**WHAT IS BEING ASKED:** Once you find the line with "the back with" in the data below, transcribe exactly each line from there to the line with "1PC PU Leather", inclusive, and nothing else. Drop the pictures.

___ DATA ___

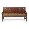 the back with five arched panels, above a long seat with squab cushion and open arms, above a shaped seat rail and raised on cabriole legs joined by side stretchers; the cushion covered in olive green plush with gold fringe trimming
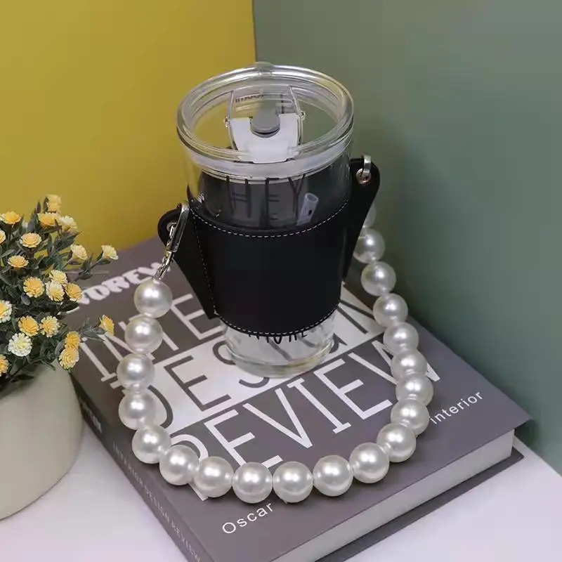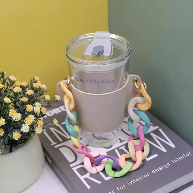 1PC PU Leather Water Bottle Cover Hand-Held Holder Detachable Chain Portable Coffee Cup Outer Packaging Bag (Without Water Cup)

___
___ DATA ___

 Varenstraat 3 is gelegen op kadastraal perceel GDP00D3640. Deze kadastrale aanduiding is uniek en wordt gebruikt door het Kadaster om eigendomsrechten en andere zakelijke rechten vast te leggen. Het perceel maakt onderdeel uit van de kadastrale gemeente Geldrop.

___

**YOUR RESPONSE:**
 the back with five arched panels, above a long seat with squab cushion and open arms, above a shaped seat rail and raised on cabriole legs joined by side stretchers; the cushion covered in olive green plush with gold fringe trimming
 1PC PU Leather Water Bottle Cover Hand-Held Holder Detachable Chain Portable Coffee Cup Outer Packaging Bag (Without Water Cup)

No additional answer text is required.